The aim of the studio is to teach and advance computational data-driven design with focus of architecture and environment interactions and integration.This will include data on local terrain, vegetation, climate, etc.
The studio includes a series of key challanges:
i. Overlapping landuse
The approach to landuse and related specific regulations that inform the design process seeks to overcome limits related to single land use. The aim is to overlap landuse and regulations of either [i.] urban mixed use (i.e. housing, work, leisure and retail) and productive landscapes (i.e. agriculture) or, [ii.] urban mixed use and natural landscape regulations (i.e. preservation, right to roam, etc.).
ii. Embracing the terrain
Commonly terrain is levelled and prepared in various ways prior to implementation of design through construction. This is already assumed in the design process. The negative consequences of this entails removal of explicit landform, vegetation, ecosystems and disturbance to the local water and soil regimes. The brief calls for an approach to work with the existing terrain as a resource.
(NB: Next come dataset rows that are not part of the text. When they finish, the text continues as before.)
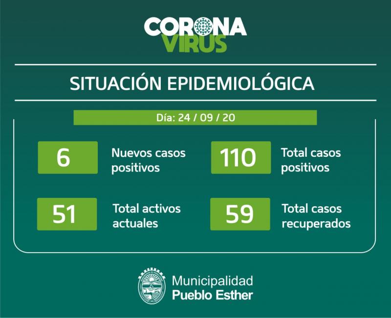 En el dÃa de hoy confirmamos 6 nuevos casos por hisopado positivo y 3 personas dadas de alta que ya superaron el COVID-19 en la localidad de Pueblo Esther.
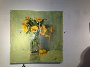 I had the most fun at the “Farm to Table” Opening Night at dk Gallery on Friday. The Gallery looked gorgeous and the folks were all fun and loved the theme. It was so special to be a part of my Sunflowers from the Farm painting going to it’s new home. A very sweet young man purchased the painting for his Mom! How cool is that? She had been looking at it and he decided right there on the spot to get it for her as a surprise. I had spoken with her earlier about both sunflower paintings and she had told me why she liked this one better. Always love learning what draws people to paintings. I am all about “the Moms” so this new collector friend stole my heart. We kept it a secret but all her friends that were there for the show found out and were as excited as we were! Can’t wait to see it hanging and appreciate that John choose a painting from me for his mom. Very special indeed! Thanks to John and dk!
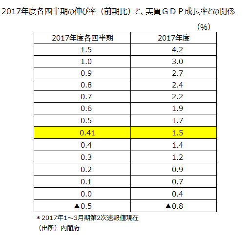 ―17年度は各四半期・前期比年率+1.7%で、政府見通し+1.5%を達成―
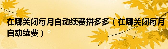 大家好,跳跳为你解答以上问题。在哪关闭每月自动续费拼多多,在哪关闭每月自动续费这个问题很多人还不知道,现在让我们一起来看看吧!
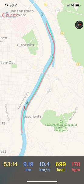 Die ersten fünf Kilometer der Strecke ging es die Elbe abwärts und wir konnten einige Plätze gutmachen. Nach der Wende gab es eine kleine Rangelei, die Plätze und auch Kraft kostete, sodass wir
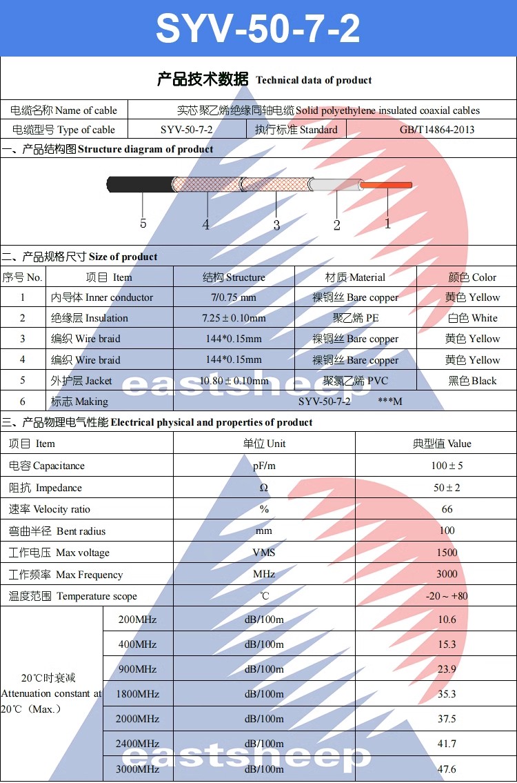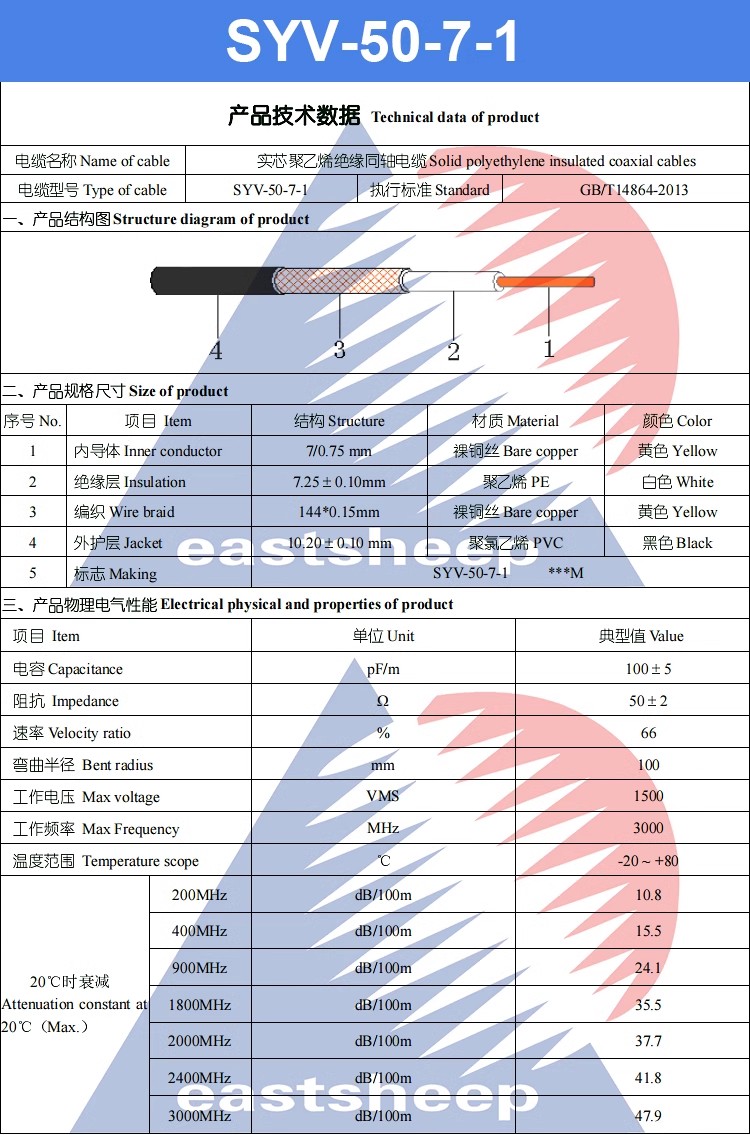 東方旭普 同軸射頻線纜 全銅SYV50-7-1/SYV50-7-2 單/雙層屏蔽

iii. Differntiating micrpo-climatic performance
Commonly considerations of the thermal performance of architectures focus on the provision of indoor comfort. This is supported by a focus on the building envelope and the avoidance of differentiated heat transfer. As such this is an approach that has emerged increasingly through the advent of electrical-mechanical equipment for controlling and modulating interior environments. Prior to this development there existed explicit strategies to utilize differentiated thermal performance for various purposes, i.e. to engender condensation and thereby gain of water for specific purposes. This seems unthinkable in todays thermal control paradigm. The studio will challenge this approach and experiment with aspects of differentiated thermal performance, thus instrumentalising related aspects that are today understood as design and construction errors that are to be avoided at all cost.
The studio will work across scales and domains including design on site scale and on a more detailed architectural scale. Focus will be placed on relevant and related computational methods and tools (especially Rhino and Grasshopper for which adequate working knowledge is required).
We will collaborate with EPFL ENAC, and more specifically with the studio of Prof. Dr. Jeffrey Huang. We will jointly visit the chosen site and exchange mutual visits for reviews, lectures, seminars and other joint events.
The design project is based on research by design and iterative design processes that are taught and developed in the studio.
Computer-aided design and analysis methods and tools are introduced in the studio and integrated into the design process.
Some literature study will be essential to obtain relevant background knowledge.
lectures and seminars will be used to introduce relevant knowledge in the field of embedded architectures and performance-oriented architecture.
Joint reviews with our partber studio at EPFL ENAC will deliver broad input and sight in questions concerning data-driven design.